Report Blames Company, MSHA for Sago Blast

March 16, 2007
A new report on the January 2006 Sago Mine disaster claims that the tragedy “could have been prevented” and blames the mine company and regulators for making a “series of bad decisions” that caused the deaths of 12 coal miners.

The United Mine Workers of America (UMWA) assert in the report that if the International Coal Group (ICG) had put safety ahead of profits and if MSHA had followed “the mandates established by Congress in the 1969 Coal Act and the Federal Mine Safety and Health Act of 1977, all 12 of the trapped miners would have survived.”

Some of the mandates referenced in the report include building “explosion-proof seals or bulkheads” and installing properly equipped emergency shelters.

“Twelve men are dead today who should not be,” UMWA International President Cecil Roberts said, claiming that some of the bad decisions made were done weeks before and hours after the explosion.

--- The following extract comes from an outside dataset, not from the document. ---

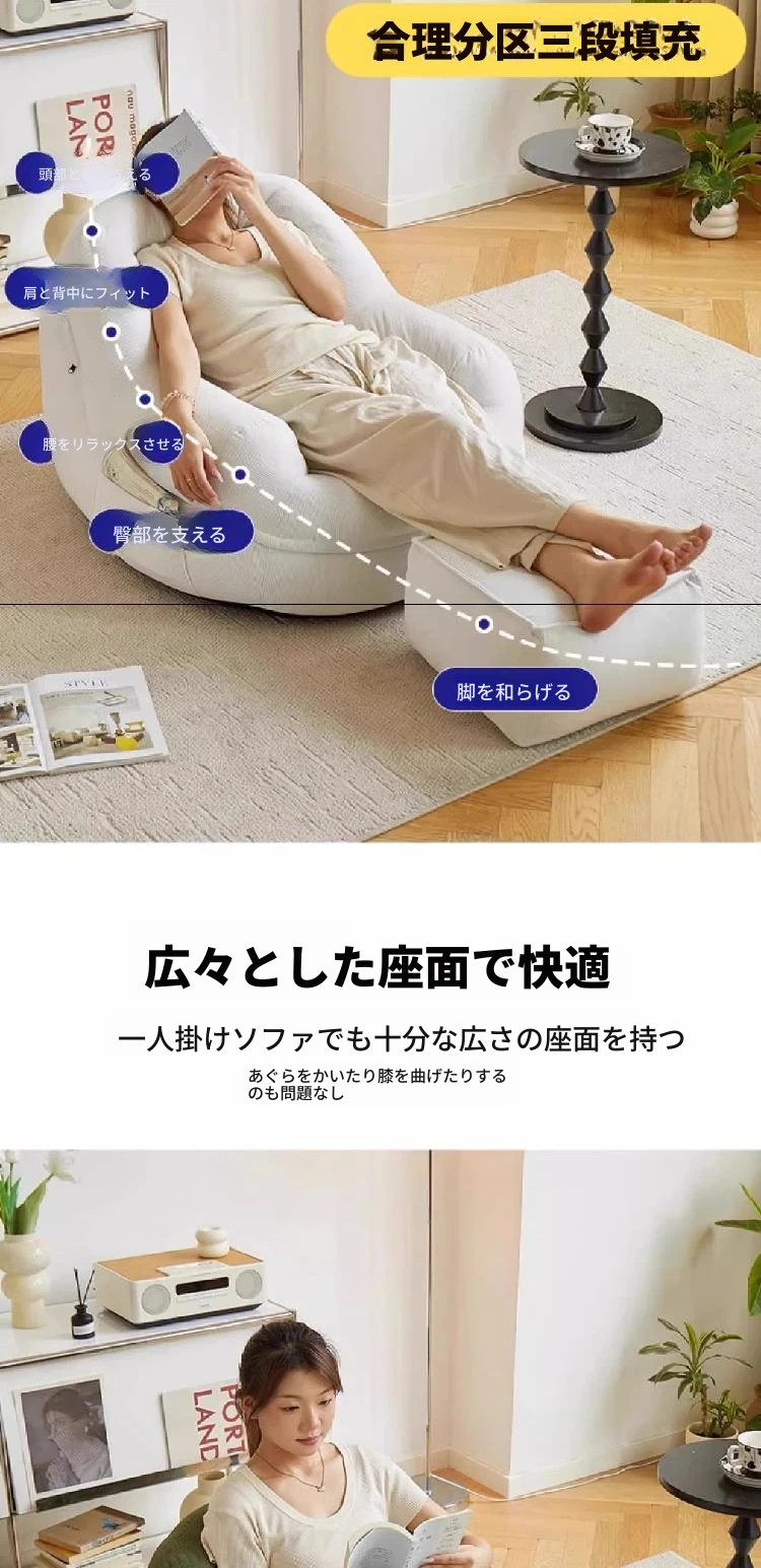 【香港送料無料】リラックスソファ - 寝転んでくつろげる!リビングやバルコニーに最適な快適なラウンジチェア。お昼寝や読書にぴったりな、あなたの癒しスペースを提供します!

Report Questions Lightning Theory

The report questions a theory proposed by ICG and MSHA that the mine explosion could have been caused by lightning, asserting that “there is no evidence that lightning striking the ground near a mining operation has ever traveled into the underground area of a mine without the presence of a conduit from the surface of the mine, and then caused an ignition or explosion of gas or dust.”

Rather, the report determined that a more likely cause of the explosion was “frictional activity from the mine roof” that led to a mixture of air and methane being ignited in the sealed area of the mine.

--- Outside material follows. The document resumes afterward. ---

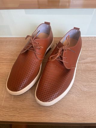 Zapatos 100% Piel Sintética, transpirables, con Cordones, ideales para el verano. Muy cómodos. Solo se utilizaron una vez. Uno de los ojales del cordón esta cedido. Número 43.
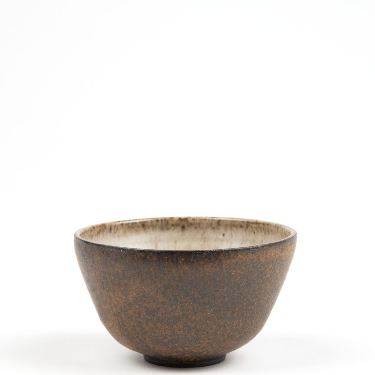 Enghalsvase, kegelförmig, angegoßener braun-weiß gesprenkelter Glasurdekor

The report criticizes ICG for the delayed arrival of the rescue teams, not having outfitted the miners with tracking devices and not having published the first rescue plan until approximately 7 hours after the explosion.

AFL-CIO President John Sweeney applauded the report's release, pronouncing that the report “confirms the deaths on Jan. 2, 2006, were unnecessary and totally preventable.”

ICG Refutes Report

ICG called the report nothing more than “a political grandstanding” to advance UMWA's “political and organizing agenda.”

“The UMWA has rolled out this so-called report with its usual bombast,” CEO Ben Hatfield said. “However, upon closer review, the report is simply a propaganda piece designed to criticize and undermine the state and federal mine regulators and ICG, whose miners continue to work union-free."

According to ICG, independent investigations led by J. Davitt McAteer – special advisor to West Virginia Gov. Joe Manchin and former MSHA head – concluded that the explosion was caused by a lightning strike that ignited methane gas.

The mining company also refuted the union's allegations that the mine rescue teams did not respond in time and that they were not allowed to enter the mine until “complex gas tending analyses” indicated that the risk of a secondary explosion had been eliminated.

UMWA maintains that there was no conduit present at the mine that could have conducted the energy from a lightning strike to the sealed area. But Roberts said that this information, although important, is not the sole reason why the miners perished.

“ ... The fact is that the conditions at the mine of the time of the ignition caused the 12 tragic deaths,” Roberts said. “This tragedy was preventable and should have never occurred.”